Use the Goya entrance for step-free access: The Puerta de Goya on Calle Felipe IV is at ground level with no steps, making it the easiest entrance with a stroller. The Velázquez entrance requires climbing the broad front steps, though a ramped access route is available to the left. See our full entrances guide for detail.
Visit during low-crowd periods: Weekday mornings between 10:00 and noon are the least crowded. Navigating busy galleries with young children is significantly more stressful than navigating quiet ones. See the best time to visit guide.
Prepare children in advance: Even a brief conversation before the visit — telling children about one specific painting they will see, why it is famous, and what the story behind it is — dramatically increases engagement. Bosch’s Garden of Earthly Delights is an ideal painting to brief children on: it looks like something from a dream.
Do not force engagement: If a child is not connecting with a particular room or painting, move on rather than persisting. The right works will capture their attention — the wrong ones will just create resistance.
Photography rules apply to children too: The photography prohibition inside the Prado is absolute. Museum staff will intervene if children (or parents) attempt to photograph artworks on phones or tablets.
Facilities for Families at the Prado
- Cloakroom: Free, at all entrances. Large bags and backpacks must be deposited here. Strollers may usually be taken into the galleries.
- Baby-changing facilities: Available in the accessible toilets throughout the museum.
- Café: Located in the Ionian Gallery South (Villanueva Building, Floor 1). Offers pastries and light refreshments — a useful mid-visit stop.
- First aid: Available throughout the museum; staff can summon assistance.
- Rest areas: Seating areas in the Ionian Gallery (ground floor) and Jerónimos lobby.
Suggested 90-Minute Family Route
- Enter via Puerta de Goya (step-free, stroller-friendly)

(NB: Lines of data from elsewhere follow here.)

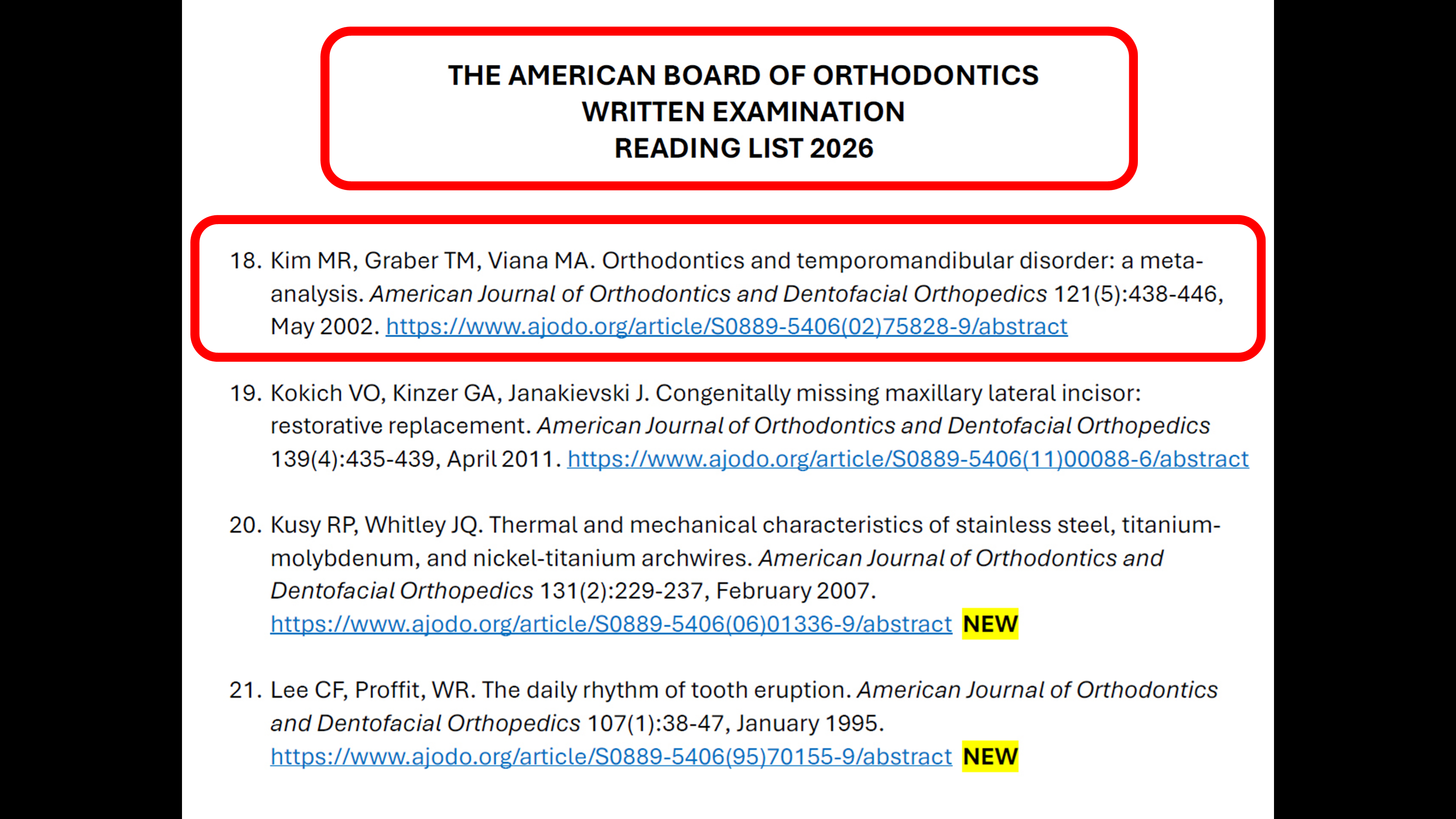미국 교정과 전문의가 되려면 꼭 읽어야하는 저널 ( 2026 ABO reading list) 에 일리노이치과 원장의 논문이 20여년간 포함되어 있습니다.
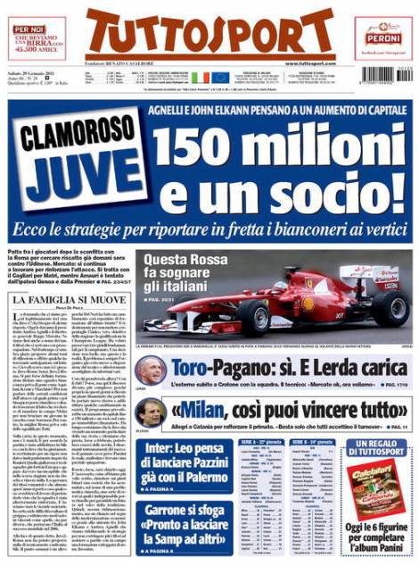 TUTTOSPORT JUVENTUS – Sul quotidiano Tuttosport si parla di un aumento di capitale della Juventus e dell’ingresso di un socio all’interno della dirigenza.
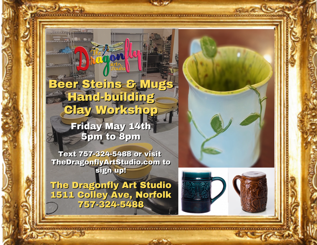 Join us at The Dragonfly for a SPECIAL EVENT – A BEER STEINS AND MUGS clay hand-building workshop in our gallery and studio at 1511 Colley Ave in the heart of Ghent, where you’ll learn the basics of hand-building with clay, and be able to make your own creations to keep for years to come!
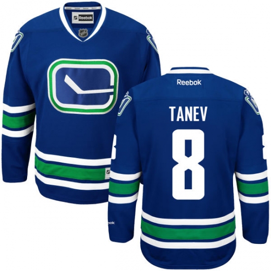 Home>NHL>Vancouver Canucks>Christopher Tanev>Women's Reebok Vancouver Canucks #8 Christopher Tanev Premier Royal Blue Third NHL Jersey
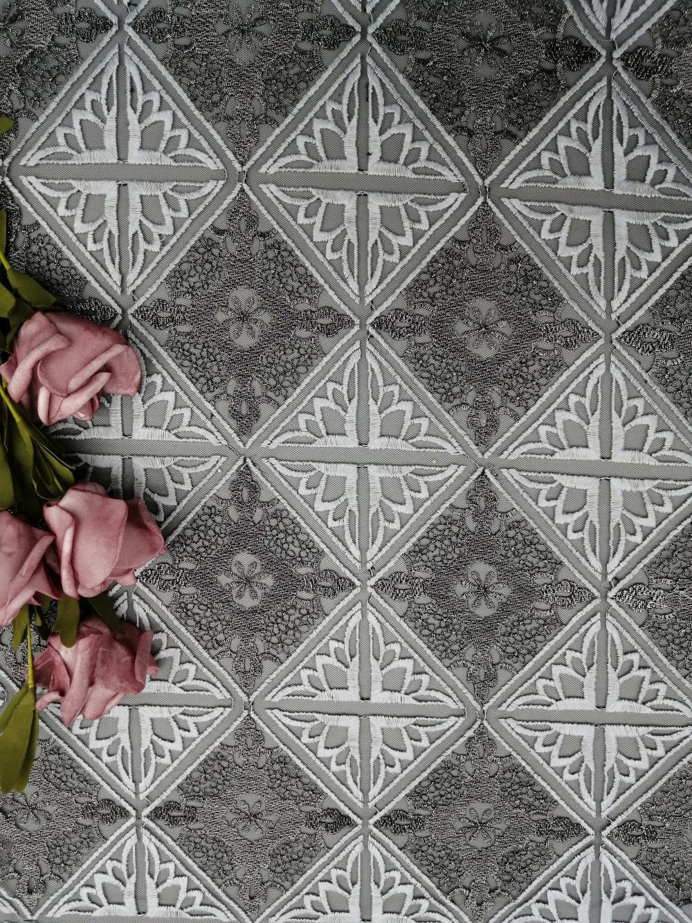 Especificações de pano da cortina de Geo Diamond Tulle Embroidered Lace Fabric:
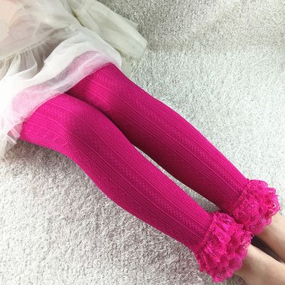 春款韓版女童打底褲 中大童麻花三層蕾絲花邊打底褲 |

- Room 66 — The Garden of Earthly Delights (Bosch) — allow 20 minutes; the detail rewards slow looking
- Room 12 — Las Meninas (Velázquez) — allow 15 minutes; discuss the puzzle of the mirror
- Rooms 14–16 — Velázquez portraits and historical scenes — 10 minutes
- Rest stop — Ionian Gallery seating area
- Rooms 35–38 — Goya’s Black Paintings (for older children; adjust based on ages) — 15 minutes
- Ground floor — Browse the sculpture collection and building architecture — 10 minutes
- Exit via cloakroom to collect bags
Frequently Asked Questions
Is the Prado Museum free for children?
Yes. Children under 18 enter the Prado Museum completely free of charge. Only accompanying adults need to purchase tickets. During peak season, adult timed-entry tickets should be booked online in advance as slots sell out.
What is the best age to take children to the Prado?
Children aged 7 and above typically engage most easily with the Prado’s collection. Works like Bosch’s Garden of Earthly Delights and Velázquez’s Las Meninas captivate children from around age 6 or 7. A private family tour makes the visit accessible for younger children by framing the paintings as stories rather than artworks.
Can I bring a stroller to the Prado Museum?
Yes. Strollers are permitted in most gallery areas of the Prado. Free stroller loans are also available to borrow at all main entrances, subject to availability. The Puerta de Goya on Calle Felipe IV is the recommended entrance for families with strollers — it is at ground level with no steps.
How long should I plan for a family visit to the Prado?
Families with children under 10 should plan for 1.5 to 2 hours. Children aged 10–14 can comfortably manage 2–3 hours. Teenagers can generally manage 2.5–3 hours. Building in rest stops at the Ionian Gallery seating areas and having a clear end-time helps prevent gallery fatigue from overshadowing the experience.
Is there a guided tour of the Prado specifically for families?
Yes. A private family tour of the Prado is available, specifically designed for groups with children. Expert guides trained in engaging young visitors lead the session, focusing on stories and age-appropriate questions. The tour is customised to your children’s ages and typically runs for around 1.5 hours — the right duration for younger visitors.